======== DATA SECTION ========

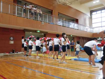 チーム戦での障害物競走や、1年生がカードに書かれたお題にあう6年生を見つけて一緒にゴールを目指すかりびと競争などをしました。1年生が大きな声で「アニメが好きな人!」「友だち思いな人!」などのお題を伝えると、6年生も「はい!はい!」と手を挙げ、手を繋いで一緒にゴールまで走りました。インタビューでは、1年生から「楽しかった!」「面白かった!」という声がたくさん聞かれました。最後には、参加賞とし全員が手作りのメダルをもらい、1年生は大喜びでした。そして、手作りの花道、クラッカー、花吹雪を通って体育館をあとにしました。
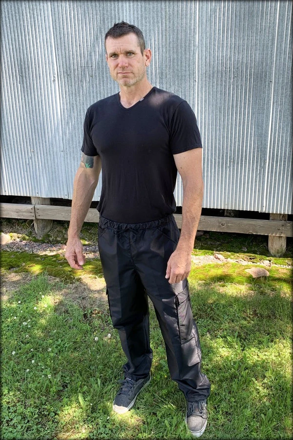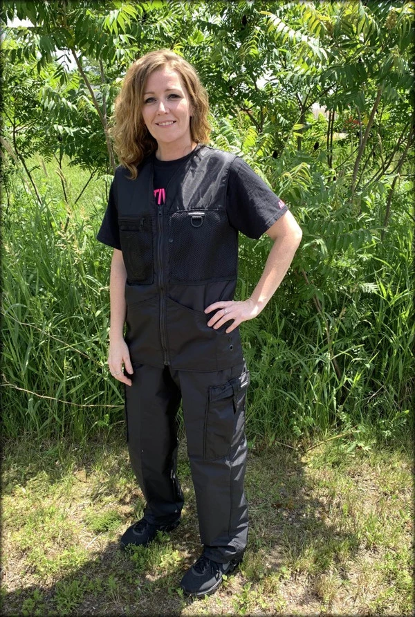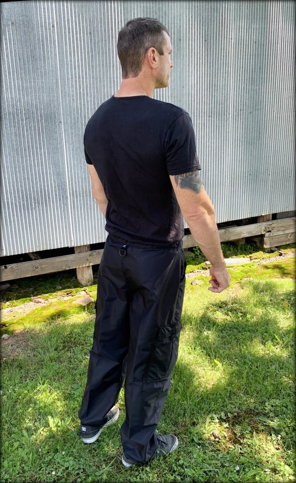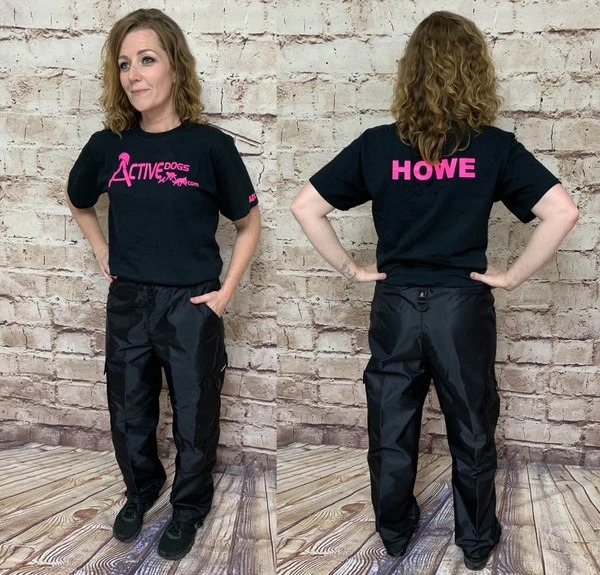 The ActiveDogs handler training pants are cargo style pants with added features. The Handler Training Pants are made of soft durable wind and water-resistant nylon fabric. All the pants seams are double stitched seams for long wearing durability. The elastic self-adjusting waist band makes the pants easy to put on. The waistband is comfortable and has the added feature of a tie able draw cord. The leg bottoms have an elasticized cord lock so the bottom of the legs can be tightened around your ankle and bloused. This is such a great feature making it fast and easy to get your pant leg into your boots when tracking in that wet morning grass. The trouser pockets in front are reinforced deep pockets and the right-side pocket has with a special little inside pocket for cards. On the side of pant legs, there are large expanding cargo pockets. Features of the cargo pockets are hook and loop closing top flaps with easy grab plastic triangles. These open triangles can also be used to attach a pull tab. The right cargo pocket has a side zipper. This works well to put your phone in as it will not fall out when running. The left cargo pocket has an open top back pocket. This is where you can put your tracking or training remote for quick access. In the center of the back of the pants there is a D-ring. This is an excellent feature to hang the ball or tug away from the dog during training. The Activedogs Handler Training Pants come in five sizes. MADE In The USA
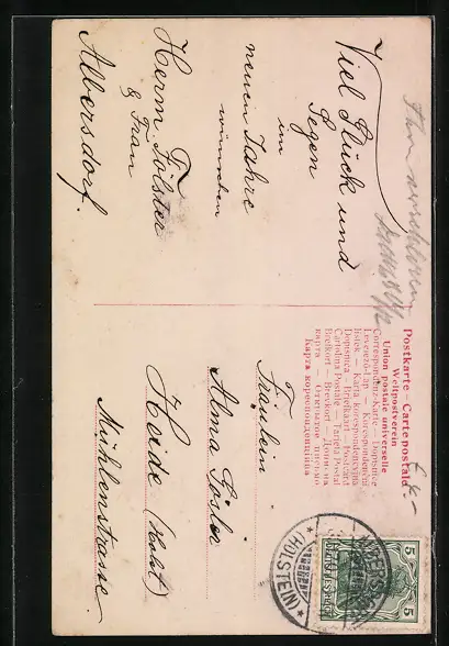 Personenbezogene Daten auf der Rückseite der Karte wurden durch blauen Textmarker unkenntlich gemacht. Die blauen Stellen sind auf die Vorderseite durchgeweicht und wirken sich negativ auf das Postkartenfoto aus
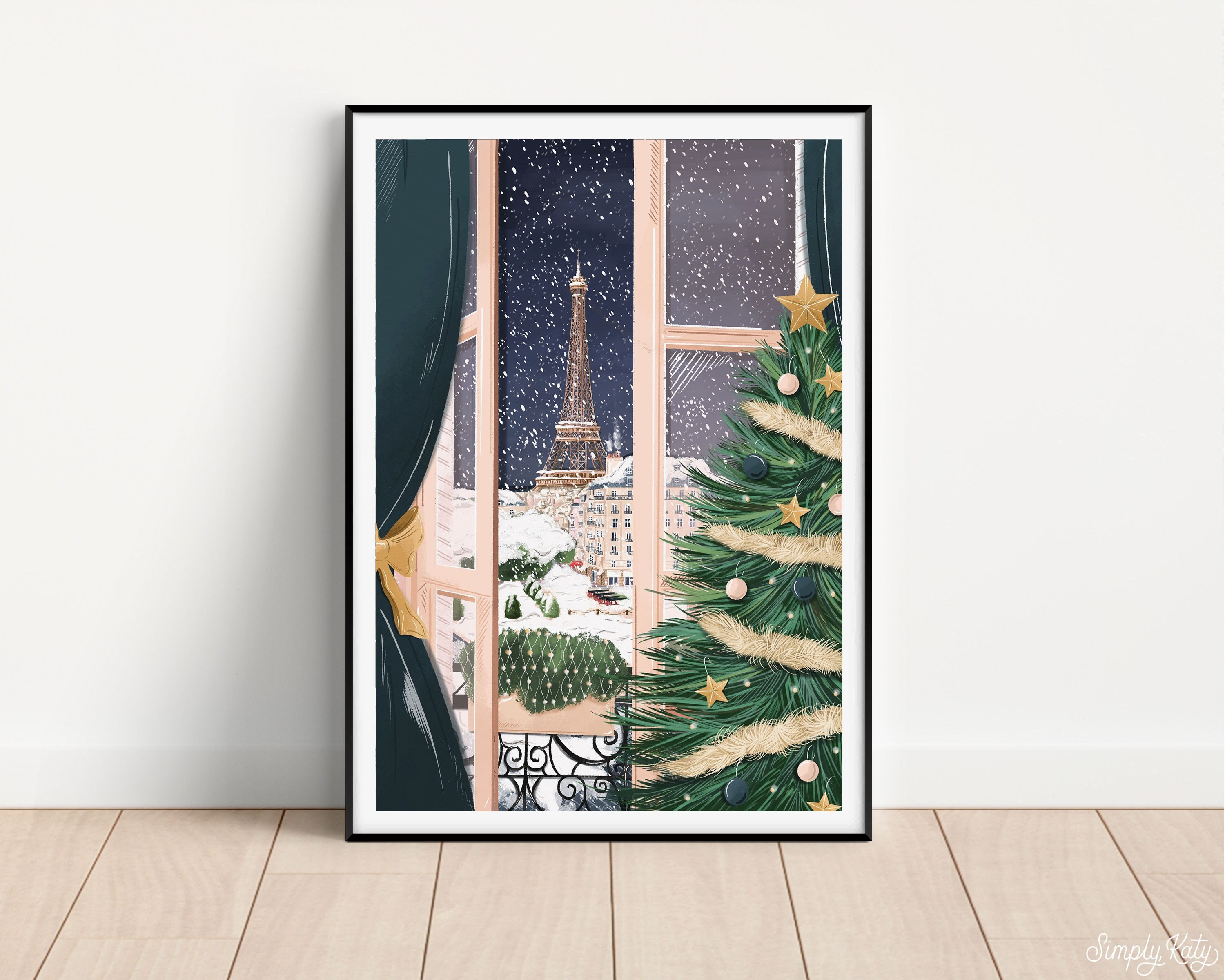 'Paris at Christmas' illustrated by Simply, Katy. Important note: The frame is not included. PRINT O...

========

ACTIVITY
The job here is to retype the data exactly, with no pictures included.

REPLY TO THE TASK
 チーム戦での障害物競走や、1年生がカードに書かれたお題にあう6年生を見つけて一緒にゴールを目指すかりびと競争などをしました。1年生が大きな声で「アニメが好きな人!」「友だち思いな人!」などのお題を伝えると、6年生も「はい!はい!」と手を挙げ、手を繋いで一緒にゴールまで走りました。インタビューでは、1年生から「楽しかった!」「面白かった!」という声がたくさん聞かれました。最後には、参加賞とし全員が手作りのメダルをもらい、1年生は大喜びでした。そして、手作りの花道、クラッカー、花吹雪を通って体育館をあとにしました。
 The ActiveDogs handler training pants are cargo style pants with added features. The Handler Training Pants are made of soft durable wind and water-resistant nylon fabric. All the pants seams are double stitched seams for long wearing durability. The elastic self-adjusting waist band makes the pants easy to put on. The waistband is comfortable and has the added feature of a tie able draw cord. The leg bottoms have an elasticized cord lock so the bottom of the legs can be tightened around your ankle and bloused. This is such a great feature making it fast and easy to get your pant leg into your boots when tracking in that wet morning grass. The trouser pockets in front are reinforced deep pockets and the right-side pocket has with a special little inside pocket for cards. On the side of pant legs, there are large expanding cargo pockets. Features of the cargo pockets are hook and loop closing top flaps with easy grab plastic triangles. These open triangles can also be used to attach a pull tab. The right cargo pocket has a side zipper. This works well to put your phone in as it will not fall out when running. The left cargo pocket has an open top back pocket. This is where you can put your tracking or training remote for quick access. In the center of the back of the pants there is a D-ring. This is an excellent feature to hang the ball or tug away from the dog during training. The Activedogs Handler Training Pants come in five sizes. MADE In The USA
 Personenbezogene Daten auf der Rückseite der Karte wurden durch blauen Textmarker unkenntlich gemacht. Die blauen Stellen sind auf die Vorderseite durchgeweicht und wirken sich negativ auf das Postkartenfoto aus
 'Paris at Christmas' illustrated by Simply, Katy. Important note: The frame is not included. PRINT O...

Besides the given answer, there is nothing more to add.